> **TASK BRIEF**: Line by line, set down all the data below exactly, omitting any picture.

> **GIVEN MATERIAL**:
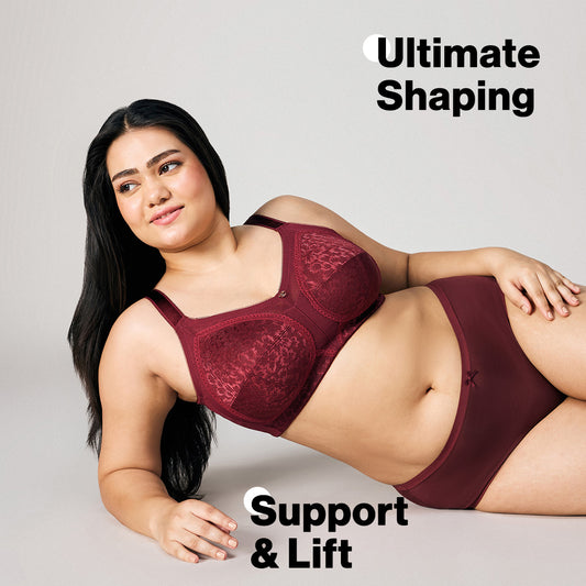 Nykd By Nykaa Ultimate No Bulge, Shape & Support Non Padded Non Wired Lace Bra NYB033 Wine
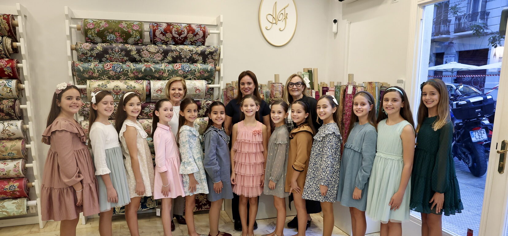 Las 13 niñas han acudido con mucha emoción a conocer las instalaciones de Amparo Fabra, y han compartido una tarde muy especial con los trabajadores de la firma, que lleva más de cuatro décadas tejiendo los sueños de miles de falleras y falleros.
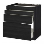 МЕТОД / ФОРВАРА Нап шкаф д/духовки/4фасада/3ящика - под дерево черный, Кунгсбакка антрацит, 60x60 см
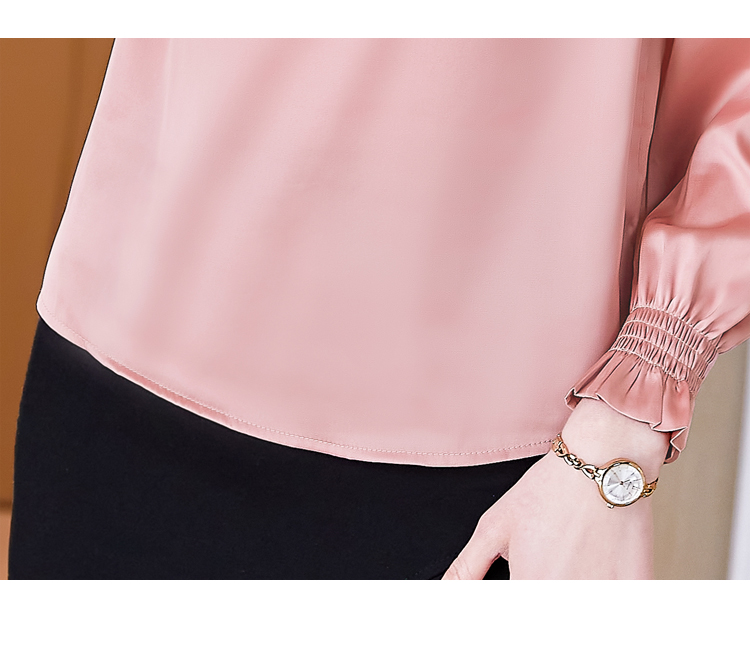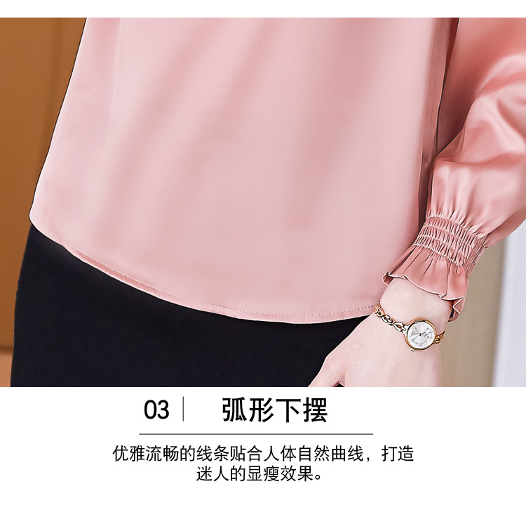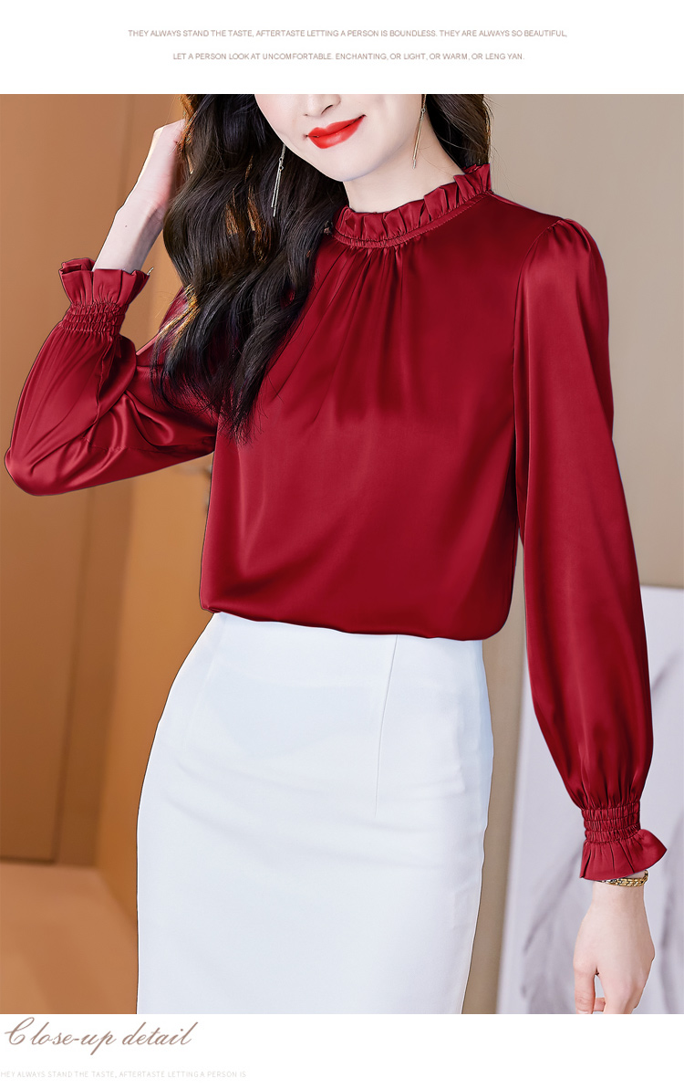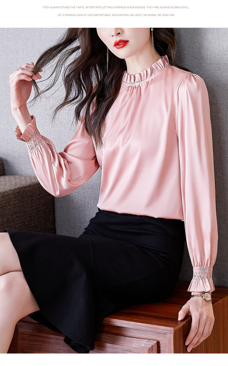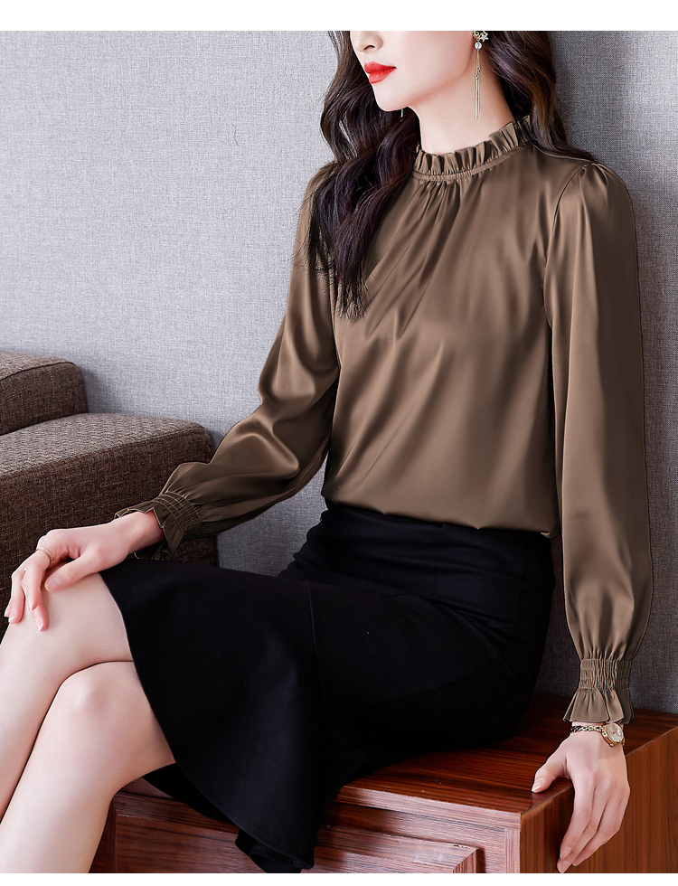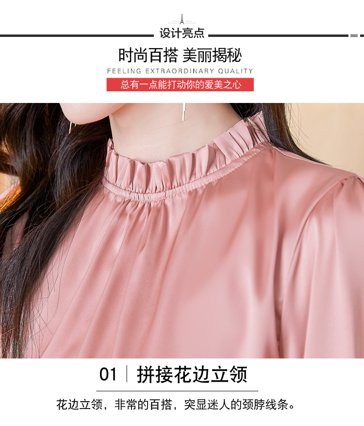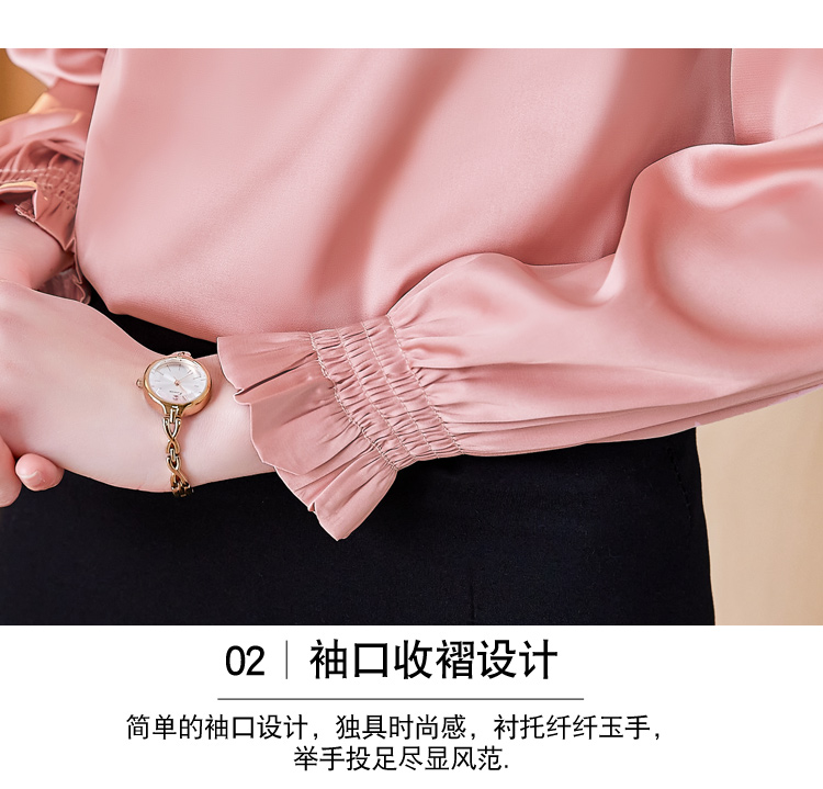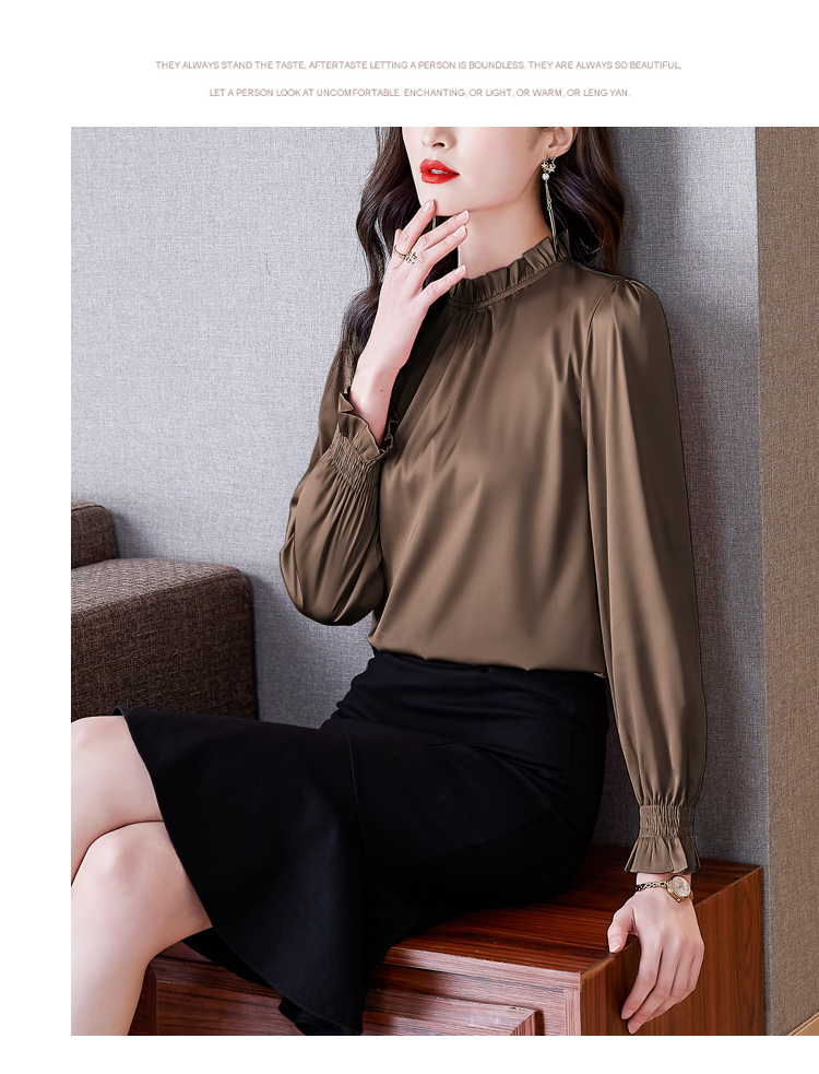 MY15957# 木耳边小衫洋气泡泡袖缎面桑蚕丝高端衬衣女气质真丝上衣女裝貨源服裝批發

> **WRITTEN RESPONSE**:
 Nykd By Nykaa Ultimate No Bulge, Shape & Support Non Padded Non Wired Lace Bra NYB033 Wine
 Las 13 niñas han acudido con mucha emoción a conocer las instalaciones de Amparo Fabra, y han compartido una tarde muy especial con los trabajadores de la firma, que lleva más de cuatro décadas tejiendo los sueños de miles de falleras y falleros.
 МЕТОД / ФОРВАРА Нап шкаф д/духовки/4фасада/3ящика - под дерево черный, Кунгсбакка антрацит, 60x60 см
 MY15957# 木耳边小衫洋气泡泡袖缎面桑蚕丝高端衬衣女气质真丝上衣女裝貨源服裝批發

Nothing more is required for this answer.